* ACTIVITY
Reproduce, word for word, the lines in the material below starting with the one that has "学员们聆听了正定党校常务副校" and going on through the one that has "Blank inside for". Leave out all pictures.
-------- DATASET ENTRIES
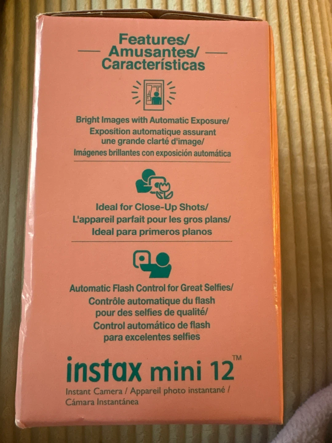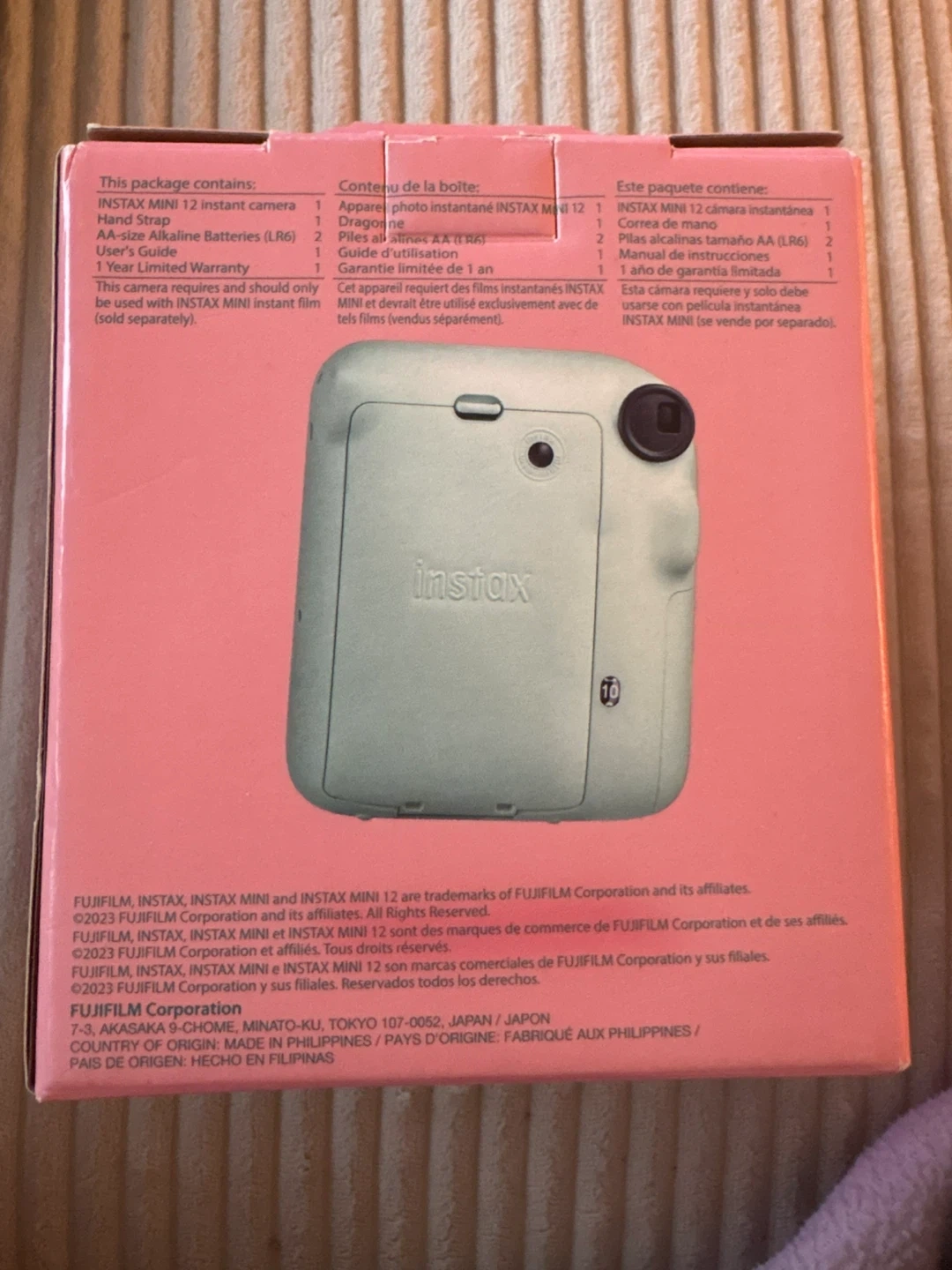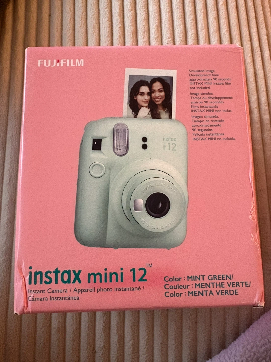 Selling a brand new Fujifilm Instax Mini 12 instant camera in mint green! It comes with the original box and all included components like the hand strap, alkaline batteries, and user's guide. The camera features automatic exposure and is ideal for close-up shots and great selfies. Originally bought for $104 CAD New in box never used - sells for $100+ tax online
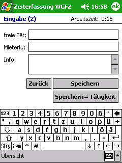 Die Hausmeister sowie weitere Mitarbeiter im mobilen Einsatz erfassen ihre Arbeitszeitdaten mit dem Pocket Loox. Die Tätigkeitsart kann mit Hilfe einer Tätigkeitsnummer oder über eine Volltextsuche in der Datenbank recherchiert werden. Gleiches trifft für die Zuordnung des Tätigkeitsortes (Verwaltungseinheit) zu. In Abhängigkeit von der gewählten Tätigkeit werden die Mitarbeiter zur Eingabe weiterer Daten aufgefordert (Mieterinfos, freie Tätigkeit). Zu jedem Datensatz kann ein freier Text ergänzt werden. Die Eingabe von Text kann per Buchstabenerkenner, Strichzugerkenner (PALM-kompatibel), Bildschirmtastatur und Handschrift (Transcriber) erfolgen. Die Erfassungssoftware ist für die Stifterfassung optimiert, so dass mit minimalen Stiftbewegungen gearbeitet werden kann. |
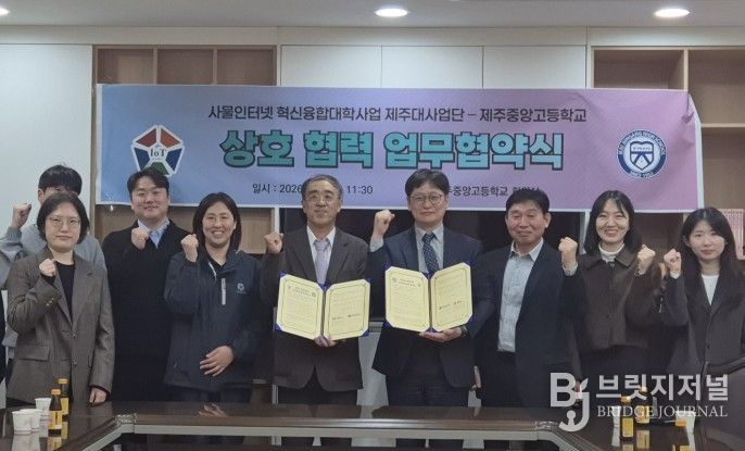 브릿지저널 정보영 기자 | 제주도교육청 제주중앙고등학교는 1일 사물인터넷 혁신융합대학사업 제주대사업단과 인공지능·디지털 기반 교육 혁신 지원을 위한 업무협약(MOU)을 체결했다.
----------------
-------- DATASET ENTRIES
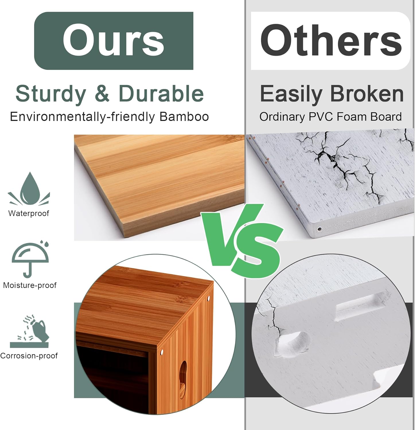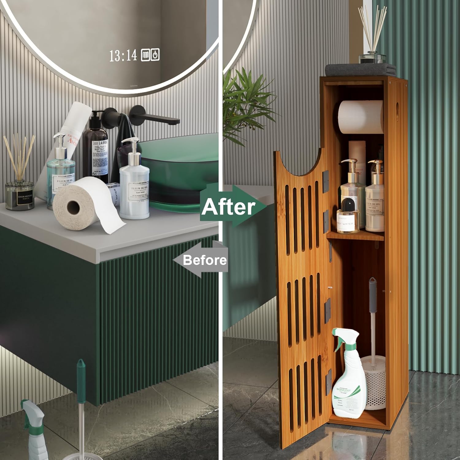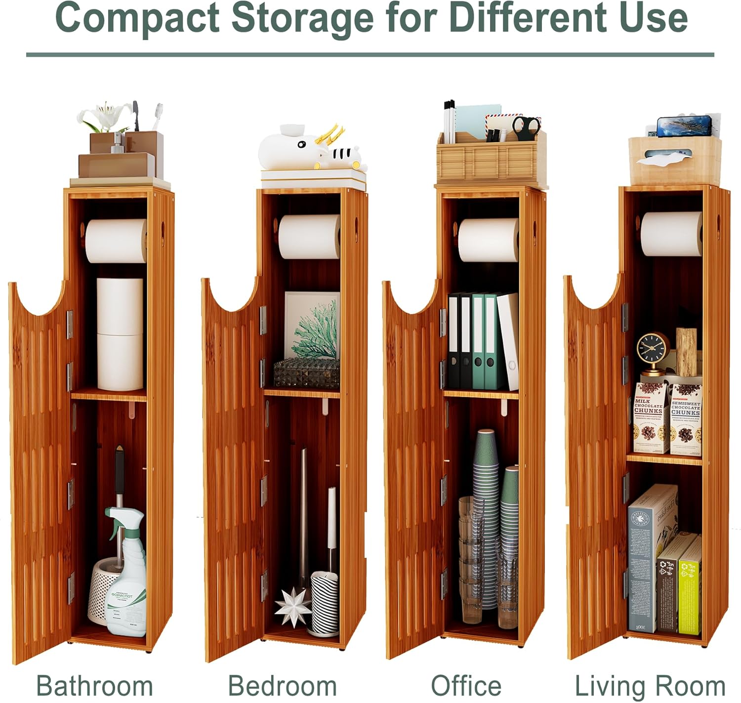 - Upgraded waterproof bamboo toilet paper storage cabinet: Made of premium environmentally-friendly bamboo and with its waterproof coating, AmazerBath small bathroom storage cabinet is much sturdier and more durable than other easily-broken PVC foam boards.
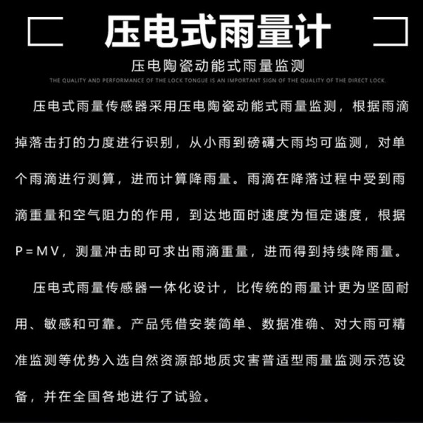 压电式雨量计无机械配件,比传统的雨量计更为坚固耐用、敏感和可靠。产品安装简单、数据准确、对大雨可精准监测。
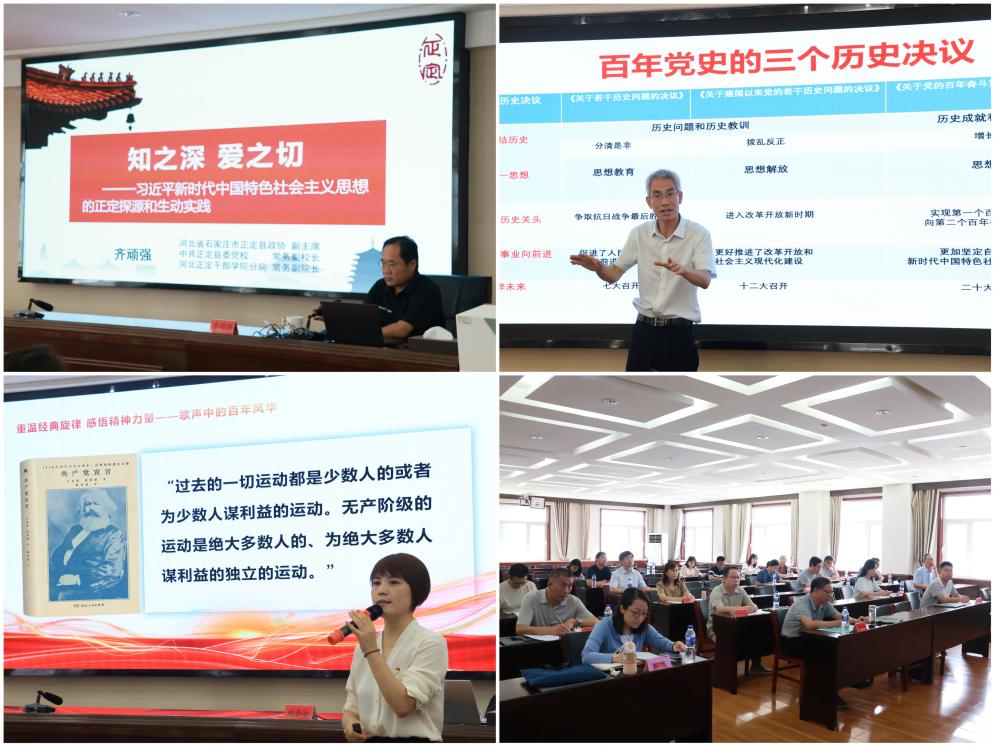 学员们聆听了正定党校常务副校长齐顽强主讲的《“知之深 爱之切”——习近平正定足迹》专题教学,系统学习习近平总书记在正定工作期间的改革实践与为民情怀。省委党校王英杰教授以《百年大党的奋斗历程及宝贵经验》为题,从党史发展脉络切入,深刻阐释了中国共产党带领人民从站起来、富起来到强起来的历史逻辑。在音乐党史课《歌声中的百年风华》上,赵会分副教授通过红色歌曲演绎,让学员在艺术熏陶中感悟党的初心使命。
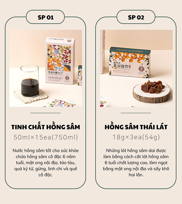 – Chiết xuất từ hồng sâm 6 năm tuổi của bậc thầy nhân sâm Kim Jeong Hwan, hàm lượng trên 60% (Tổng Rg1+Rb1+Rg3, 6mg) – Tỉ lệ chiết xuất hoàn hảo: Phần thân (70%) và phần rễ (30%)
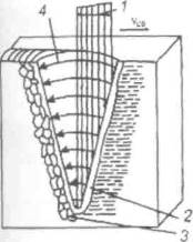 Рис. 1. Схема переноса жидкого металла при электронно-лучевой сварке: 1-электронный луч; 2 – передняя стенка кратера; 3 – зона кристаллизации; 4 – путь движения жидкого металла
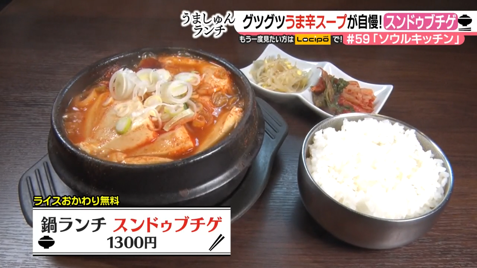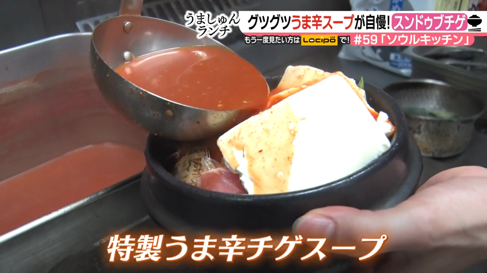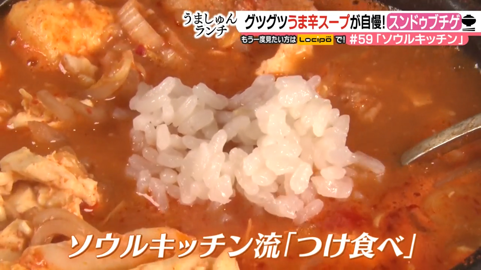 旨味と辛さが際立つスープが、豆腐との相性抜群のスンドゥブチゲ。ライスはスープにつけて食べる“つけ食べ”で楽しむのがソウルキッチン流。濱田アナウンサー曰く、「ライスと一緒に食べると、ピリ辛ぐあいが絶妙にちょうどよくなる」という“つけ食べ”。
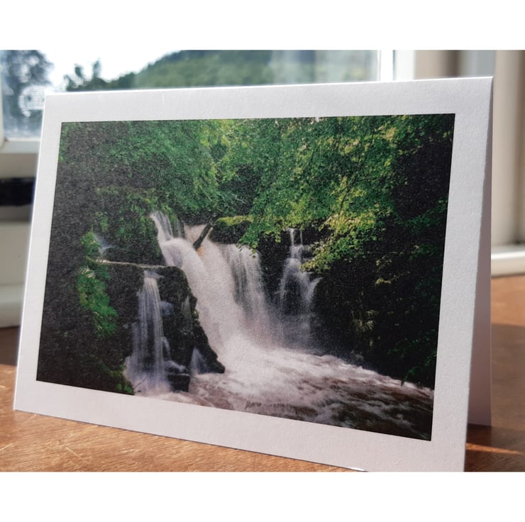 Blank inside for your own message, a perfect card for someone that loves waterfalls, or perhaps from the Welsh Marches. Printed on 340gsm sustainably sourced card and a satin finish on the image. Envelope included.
----------------
-------- DATASET ENTRIES
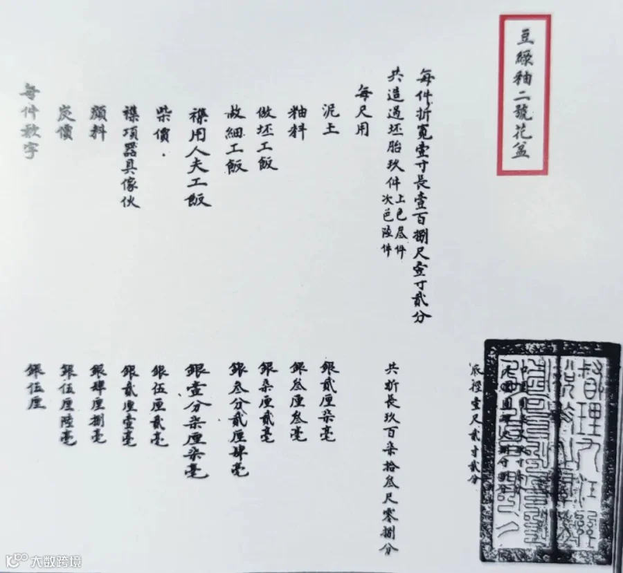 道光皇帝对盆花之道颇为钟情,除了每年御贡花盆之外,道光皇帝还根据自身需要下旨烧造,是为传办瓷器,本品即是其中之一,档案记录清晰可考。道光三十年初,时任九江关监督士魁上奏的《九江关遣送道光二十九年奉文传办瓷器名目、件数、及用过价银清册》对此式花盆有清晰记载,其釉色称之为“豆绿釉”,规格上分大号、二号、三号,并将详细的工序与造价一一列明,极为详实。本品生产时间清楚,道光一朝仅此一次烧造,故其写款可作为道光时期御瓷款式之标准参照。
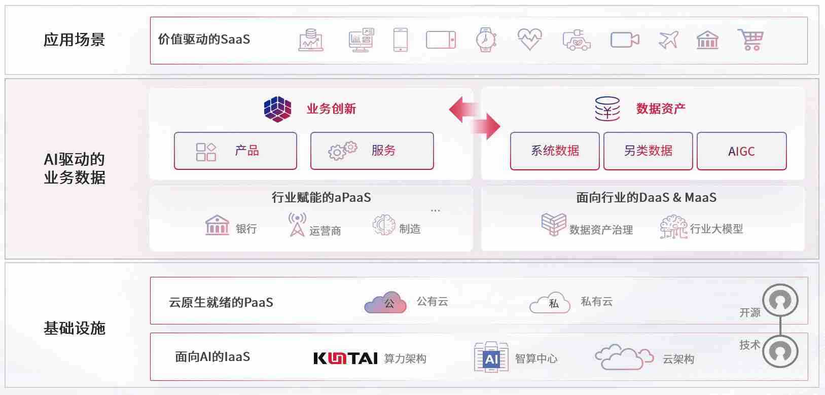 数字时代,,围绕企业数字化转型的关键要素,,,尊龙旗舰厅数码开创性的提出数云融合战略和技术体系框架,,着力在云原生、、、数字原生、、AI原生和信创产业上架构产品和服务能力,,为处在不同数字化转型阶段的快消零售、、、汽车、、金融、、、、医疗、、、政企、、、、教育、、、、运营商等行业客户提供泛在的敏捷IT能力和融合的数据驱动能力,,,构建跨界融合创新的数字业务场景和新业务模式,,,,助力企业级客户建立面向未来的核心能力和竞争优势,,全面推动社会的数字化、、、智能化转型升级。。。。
----------------
* RESPONSE TO THIS TASK
 学员们聆听了正定党校常务副校长齐顽强主讲的《“知之深 爱之切”——习近平正定足迹》专题教学,系统学习习近平总书记在正定工作期间的改革实践与为民情怀。省委党校王英杰教授以《百年大党的奋斗历程及宝贵经验》为题,从党史发展脉络切入,深刻阐释了中国共产党带领人民从站起来、富起来到强起来的历史逻辑。在音乐党史课《歌声中的百年风华》上,赵会分副教授通过红色歌曲演绎,让学员在艺术熏陶中感悟党的初心使命。
 – Chiết xuất từ hồng sâm 6 năm tuổi của bậc thầy nhân sâm Kim Jeong Hwan, hàm lượng trên 60% (Tổng Rg1+Rb1+Rg3, 6mg) – Tỉ lệ chiết xuất hoàn hảo: Phần thân (70%) và phần rễ (30%)
 Рис. 1. Схема переноса жидкого металла при электронно-лучевой сварке: 1-электронный луч; 2 – передняя стенка кратера; 3 – зона кристаллизации; 4 – путь движения жидкого металла
 旨味と辛さが際立つスープが、豆腐との相性抜群のスンドゥブチゲ。ライスはスープにつけて食べる“つけ食べ”で楽しむのがソウルキッチン流。濱田アナウンサー曰く、「ライスと一緒に食べると、ピリ辛ぐあいが絶妙にちょうどよくなる」という“つけ食べ”。
 Blank inside for your own message, a perfect card for someone that loves waterfalls, or perhaps from the Welsh Marches. Printed on 340gsm sustainably sourced card and a satin finish on the image. Envelope included.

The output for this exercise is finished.